What is required> Could you please output all of the data exactly, without the images?

Data listing>
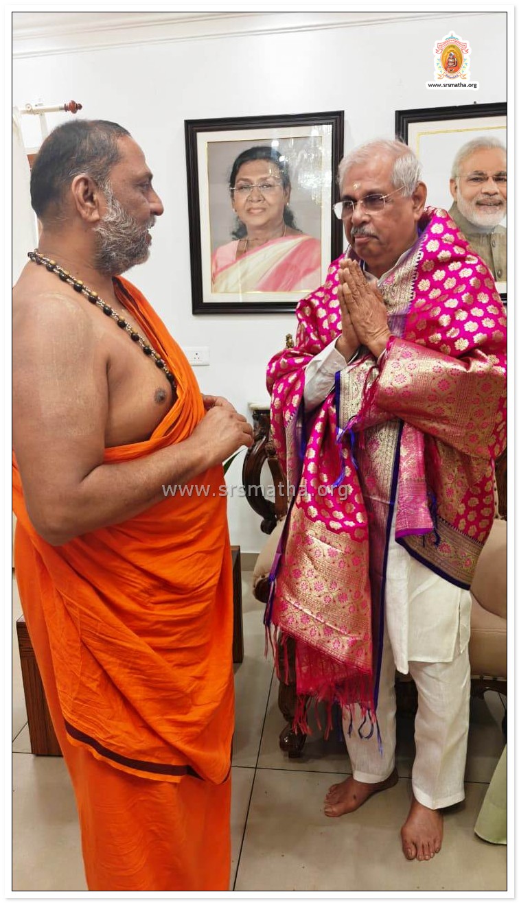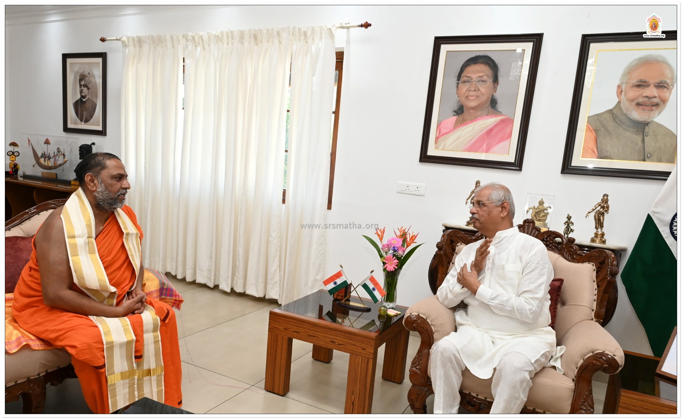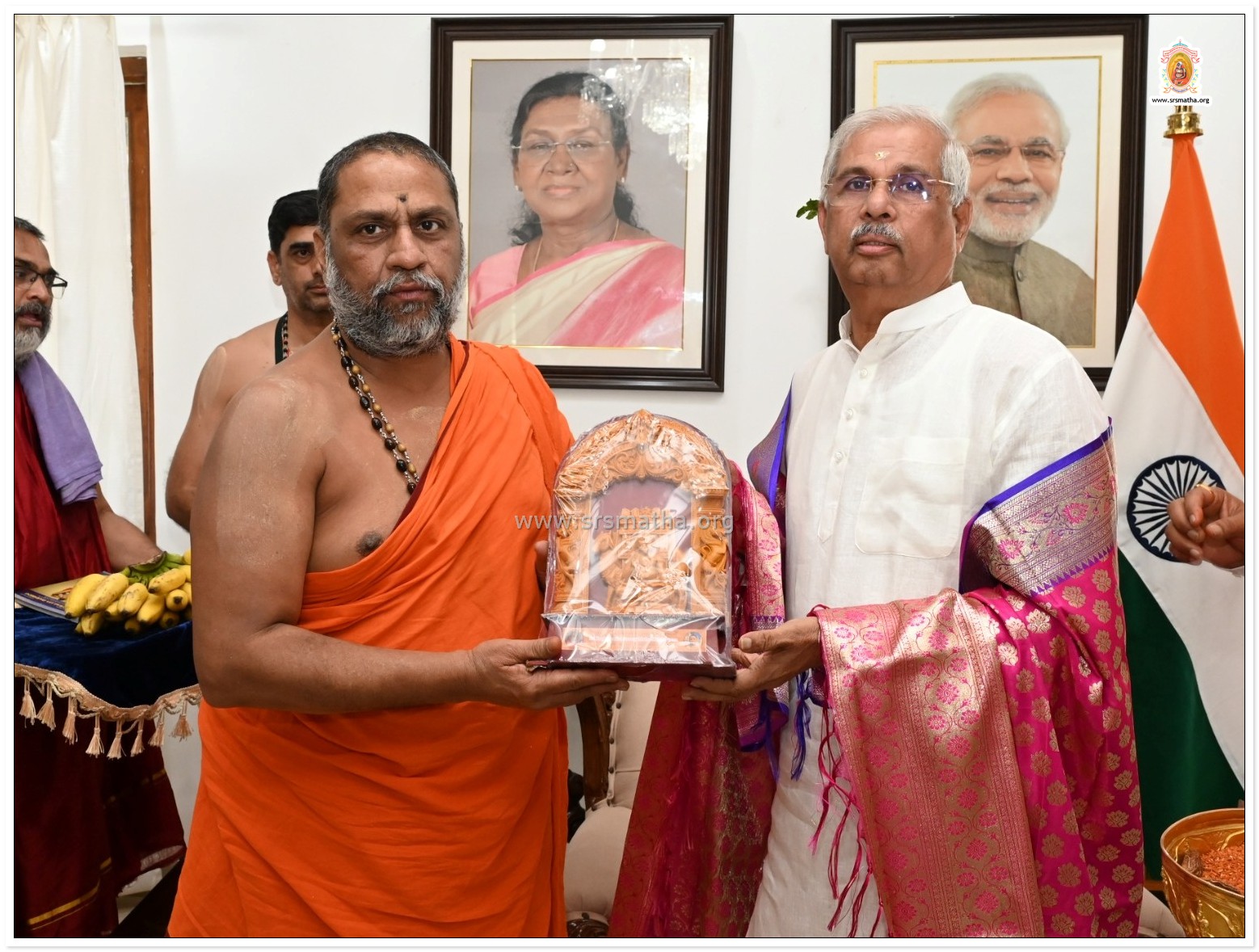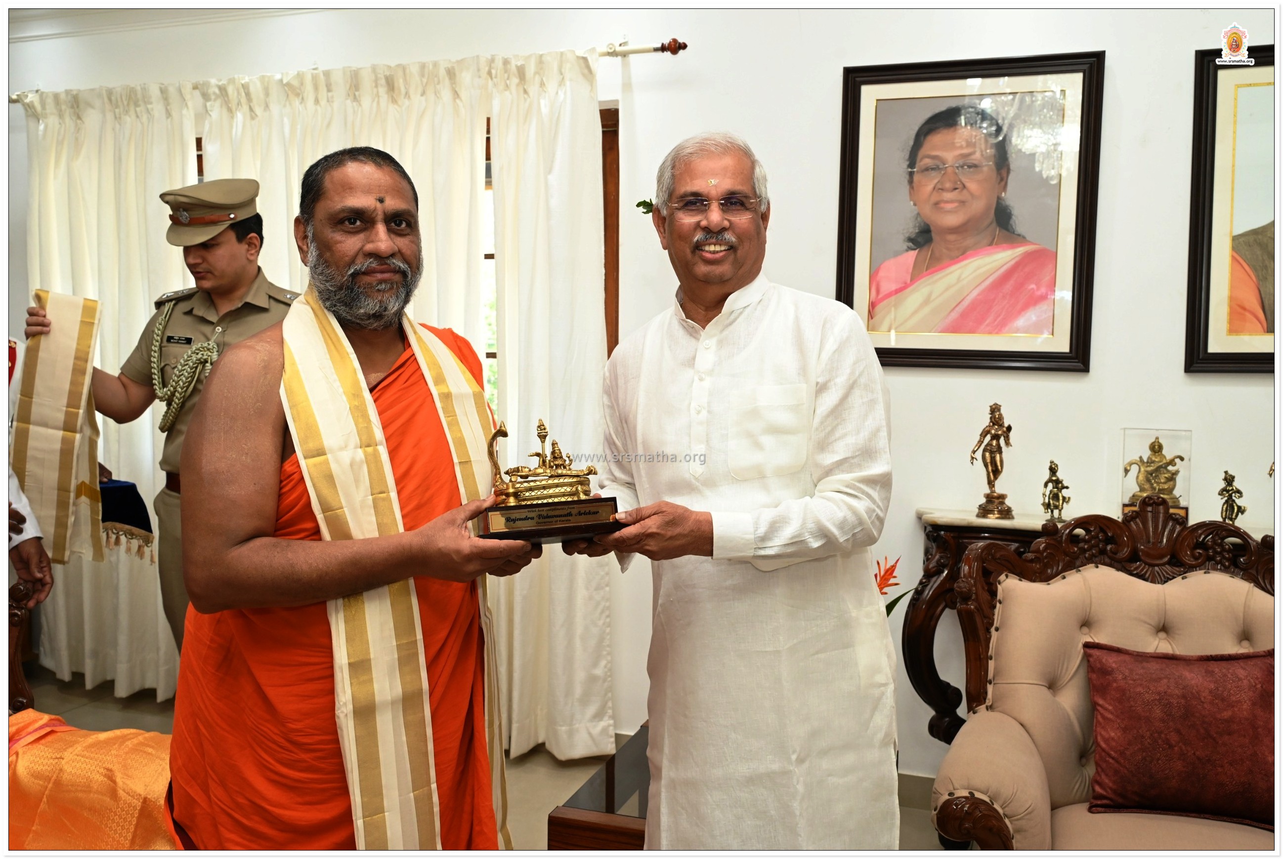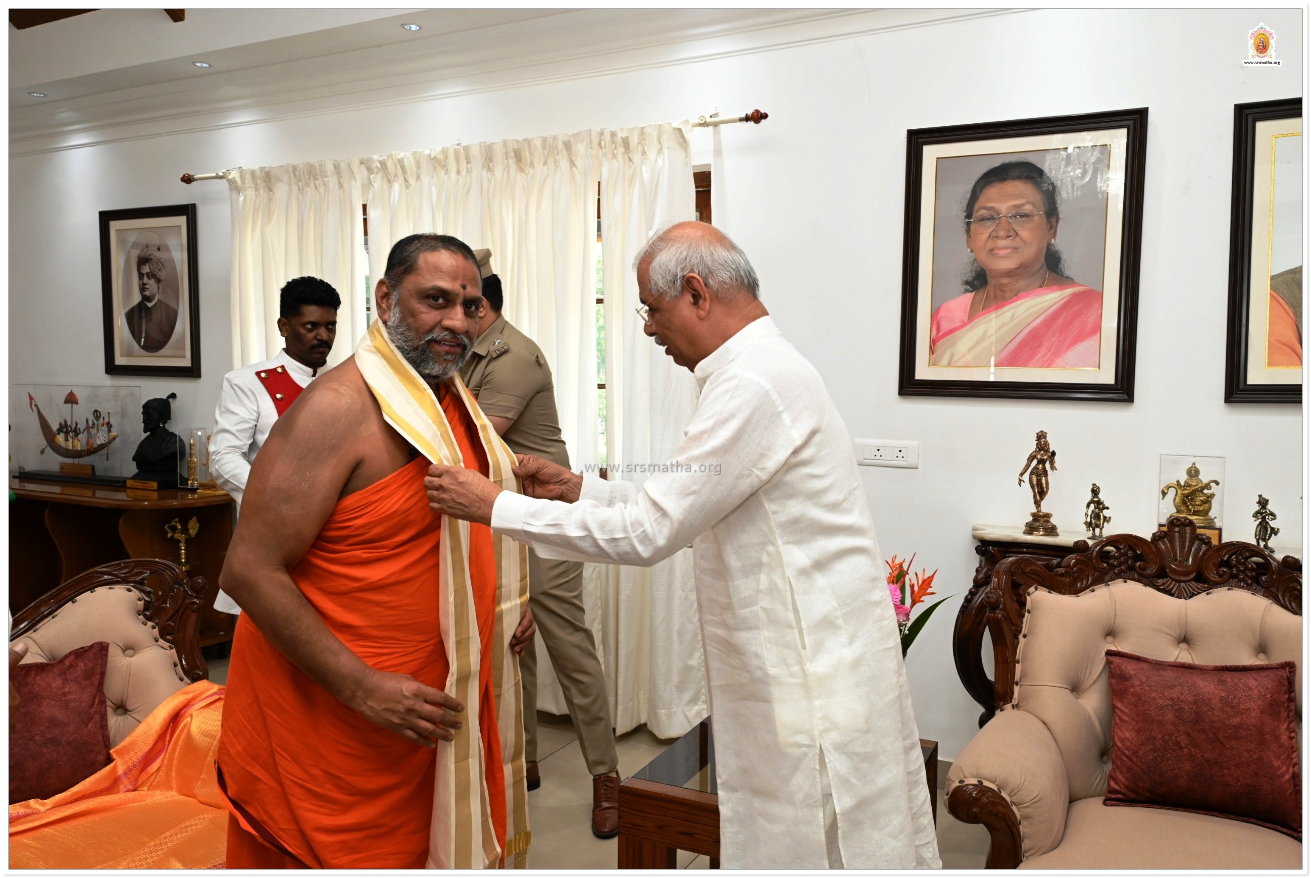 Subsequently, H.H. Sri Swamiji visited Raj Bhavan, Kerala, where He met the Hon’ble Governor of Kerala, Sri Rajendra Vishwanath Arlekar. The Hon’ble Governor felicitated H.H. Sri Swamiji, and H.H. Sri Swamiji blessed him with Sri Rayara Sheshavastra and Phala Mantrakshate
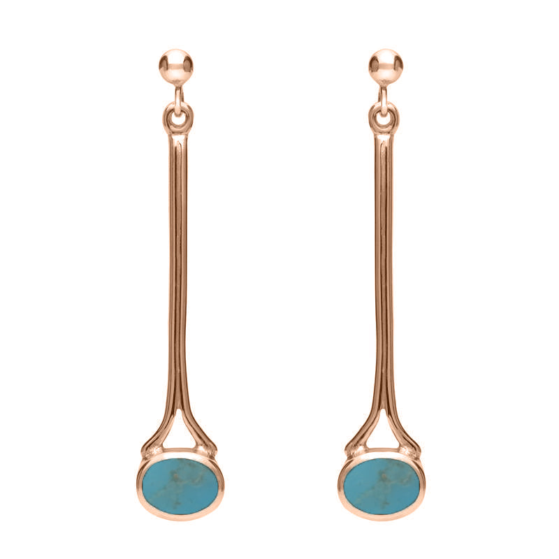 9ct Rose Gold Turquoise Long Drop Earrings. E094.
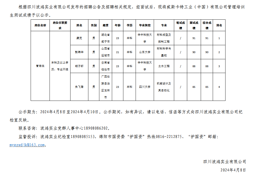 四川波鴻實業(yè)有限公司關(guān)于招聘威斯卡特工業(yè)(中國)有限公司管培生測試成績的公示
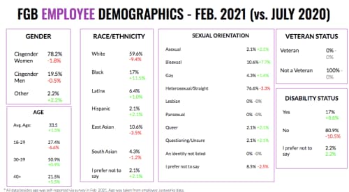 Since July 2020, we have surveyed and published this information bi-annually and used it to inform our recruiting practices. We have also implemented demographic questionnaires for all incoming job applicants, required diverse slates for all open roles at our company and expanded the number of job listing partnerships to ensure our applicant pool is representative and diverse. Simply put, we are creating accountability and transparency, and committed to continuous improvement.
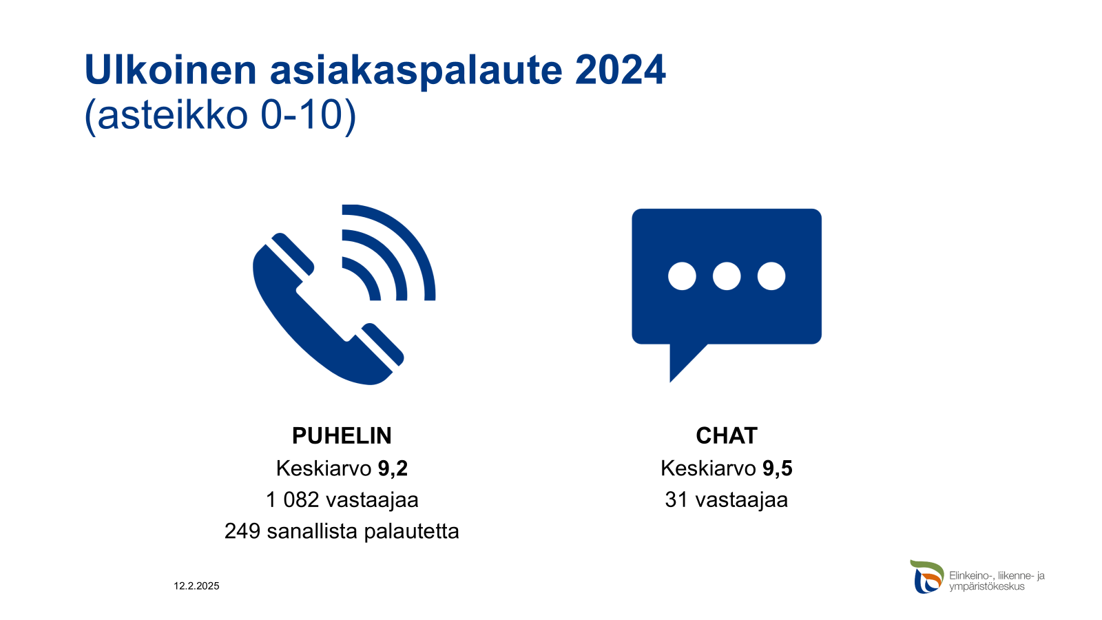 Ympäristöasioiden asiakaspalvelu hoiti vuonna 2024 yhteensä 18 500 yhteydenottoa erinomaisella asiakastyytyväisyydellä (NPS-luku 82).

Completed task>
 Subsequently, H.H. Sri Swamiji visited Raj Bhavan, Kerala, where He met the Hon’ble Governor of Kerala, Sri Rajendra Vishwanath Arlekar. The Hon’ble Governor felicitated H.H. Sri Swamiji, and H.H. Sri Swamiji blessed him with Sri Rayara Sheshavastra and Phala Mantrakshate
 9ct Rose Gold Turquoise Long Drop Earrings. E094.
 四川波鴻實業(yè)有限公司關(guān)于招聘威斯卡特工業(yè)(中國)有限公司管培生測試成績的公示
 Since July 2020, we have surveyed and published this information bi-annually and used it to inform our recruiting practices. We have also implemented demographic questionnaires for all incoming job applicants, required diverse slates for all open roles at our company and expanded the number of job listing partnerships to ensure our applicant pool is representative and diverse. Simply put, we are creating accountability and transparency, and committed to continuous improvement.
 Ympäristöasioiden asiakaspalvelu hoiti vuonna 2024 yhteensä 18 500 yhteydenottoa erinomaisella asiakastyytyväisyydellä (NPS-luku 82).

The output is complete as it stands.